In contrast, it may be observed that each of the negative electrodes of Embodiments 1 to 4 has both an improved or desired specific capacity, and a substantially rapid charge rate. In conclusion, it may be ascertained that when a rechargeable battery includes a hole having a desired size and depth as discussed above with respect to Embodiments 1 to 4, both a high specific capacity of the negative electrode and an improved movement speed of lithium ions are achieved to allow the rechargeable battery to have a rapid charge/discharge rate.

Evaluation 2: Physical Stability

The coin full-cells using the negative electrodes according to Embodiment 1 to 3 and Comparative Example 1 to 3 have undergone a test of penetration, drop, and impact. Table 2 below lists results of physical stability evaluation. Table 3 below shows criteria of physical stability evaluation.

	TABLE 2
		Hole
	Hole depth	diameter
	(DEP2/TK2)	(DI/PI1)	Penetration	Drop	Impact

Embodiment 1	0.2	0.2	L2	L2	L2
Embodiment 2	0.5	0.4	L2	L2	L2
Comparative	0	0	L1	L1	L1
Example 1
Comparative	0.1	0.1	L2	L2	L2
Example 2
Comparative	0.7	0.6	L5	L4	L5
Example 3

	TABLE 3
	Criteria Level	Criterion
	L0	No abnormal
	L1	Leak, External Temperature <150° C.
	L2	External Temperature <200° C.
	L3	Smoke, External Temperature >200° C.
	L4	Flame
	L5	Explosion

Referring to Table 2 and Table 3, in the case of the rechargeable lithium batteries using the negative electrodes of Embodiment 1 and Embodiment 2, it may be expected that ion channels are effectively reduced or suppressed during thermal runaway caused by physical impact, and that a shut-down function may be achieved early. In addition, the rechargeable lithium battery using the negative electrode of Comparative Example 3 is vulnerable to external impact. It may be ascertained that an excessive increase in depth and diameter of the hole of the negative electrode active material layer may have a negative effect on battery stability.

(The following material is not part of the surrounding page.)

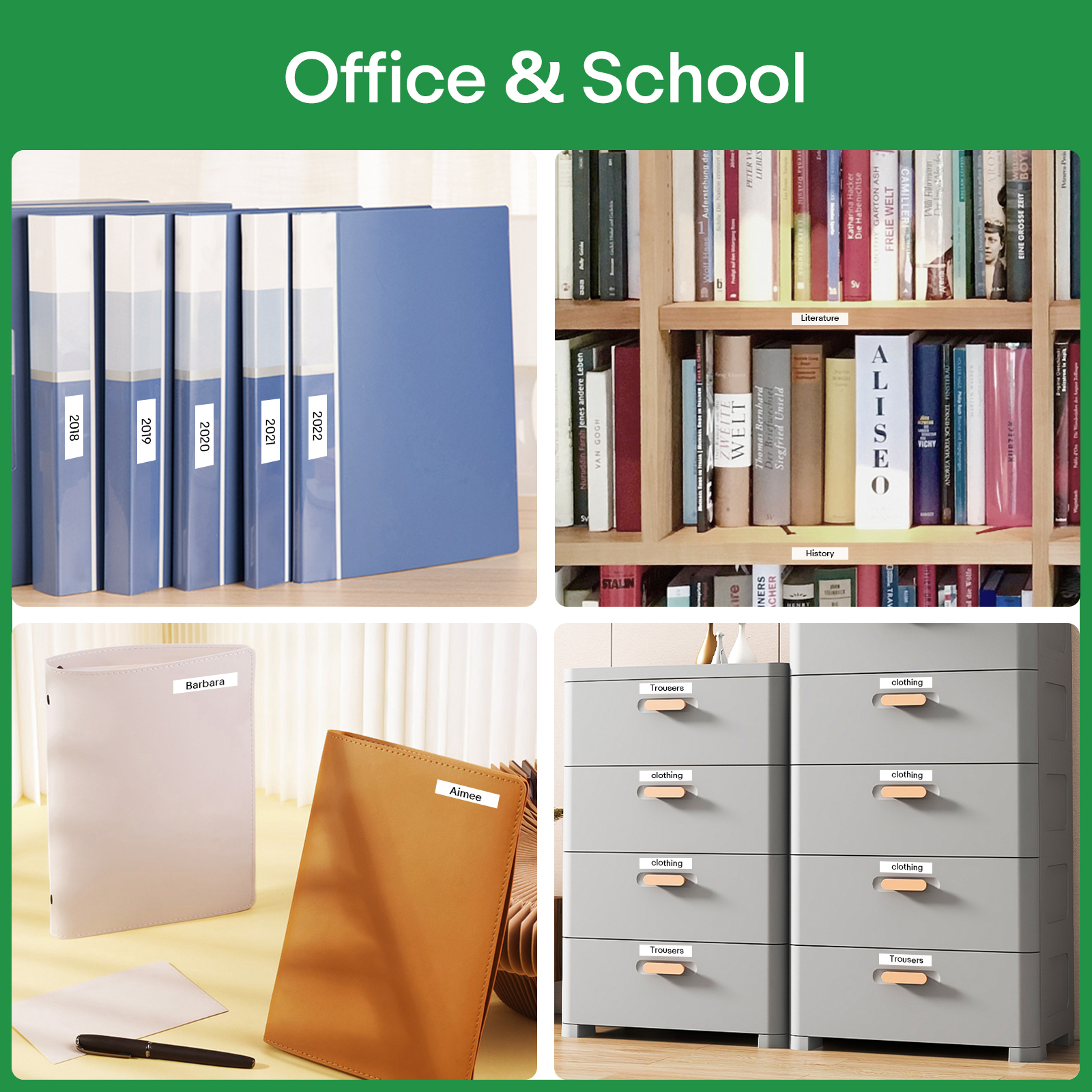 Бытовые применения: хранение товаров для дома, идентификация кухонных предметов, классификация одежды и т. д.

A negative electrode for a rechargeable lithium battery according to the present disclosure may achieve a high capacity through a silicon-containing active material layer, and may reduce a variation in volume of the silicon active material layer though an adjacent buffer layer (carbon layer). Moreover, movement speeds of lithium ions may be increased through a hole configured to allow the active material layer to contact an electrolyte. As a result, the rechargeable lithium battery according to the present disclosure may have an improved or desired capacity and a superior charge/discharge rate.

While this disclosure has been described in connection with what is presently considered to be example embodiments, it is to be understood that the present disclosure is not limited to the disclosed example embodiments and is intended to cover various modifications and equivalent arrangements included within the spirit and scope of the appended claims, and therefore the aforementioned example embodiments should be understood to not limit this disclosure in any way.